Immer wieder ermahnt Dr. Martin Burger Valentin, sich zu mäßigen, doch leider ohne Erfolg. So wundert es niemanden, dass alle Pflegerinnen nach kurzer Zeit das Handtuch werfen. Als nun die bildhübsche junge Sarah Bach durch Vermittlung des Bergdoktors als Pflegerin auf den Talhuber-Hof kommt und Valentin bemerkt, dass sich zwischen Sarah und Moritz eine zarte Liebe anbahnt, sieht er rot. Er gönnt Moritz, diesem Kuckuckskind, nicht das Schwarze unter den Nägeln, und schon gar nicht, dass der Bursche glücklich wird. Und so ersinnt der boshafte Altbauer einen perfiden Plan, um genau das zu verhindern …
»Ich muss zugeben, Schatzerl, das war die beste Idee des Tages. So ein gemütlicher Spaziergang am Feierabend ist wirklich net zu verachten.« Dr. Martin Burger lächelte seiner Frau Sabine zufrieden zu. »Dabei fällt der Stress ganz von einem ab.«
Die zierliche Blondine mit den warmen braunen Augen erwiderte das Lächeln ihres Mannes entspannt.
»Nur gut, dass Vater sich erboten hat, den Telefondienst zu übernehmen, und unser Laura-Mauserl heute anstandslos eingeschlafen ist.«
»Es muss schon eins zum anderen kommen, damit wir uns ein freies Stünderl stehlen können«, sinnierte der hochgewachsene dunkelhaarige Mediziner, den die Menschen im Tal von St. Christoph respektvoll den Bergdoktor nannten.
»Du wirst halt allerweil gebraucht«, erinnerte Sabine ihn.

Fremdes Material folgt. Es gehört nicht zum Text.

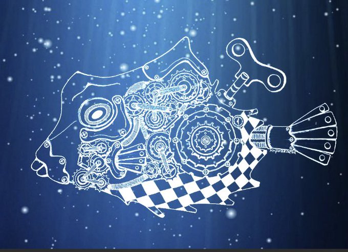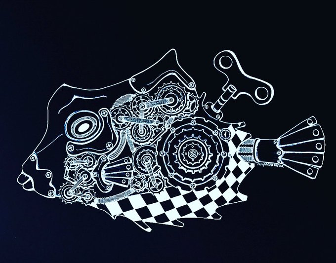 お疲れ様でした(о´∀`о) 全国各地が大荒れ天気です💦 皆様お気をつけて下さいT^T ⚙ハコフグ⚙ #スチームパンクイラスト #ハコフグ #歯車イラスト #ペン画 #絵描きさんと繋がりたい #アトリエの系譜S #アトリエの系譜plus

»Und du auch«, parierte er mit einem angedeuteten Schmunzeln. »Heut Abend allerdings nur von mir.«
Sie lachte und schmiegte sich an ihn. Hand in Hand spazierten sie durch die noch spätwinterliche Landschaft rund um die kleine Gemeinde, in der Martin Burger geboren und aufgewachsen war und die für seine zweite Frau Sabine auch längst zur Heimat geworden war.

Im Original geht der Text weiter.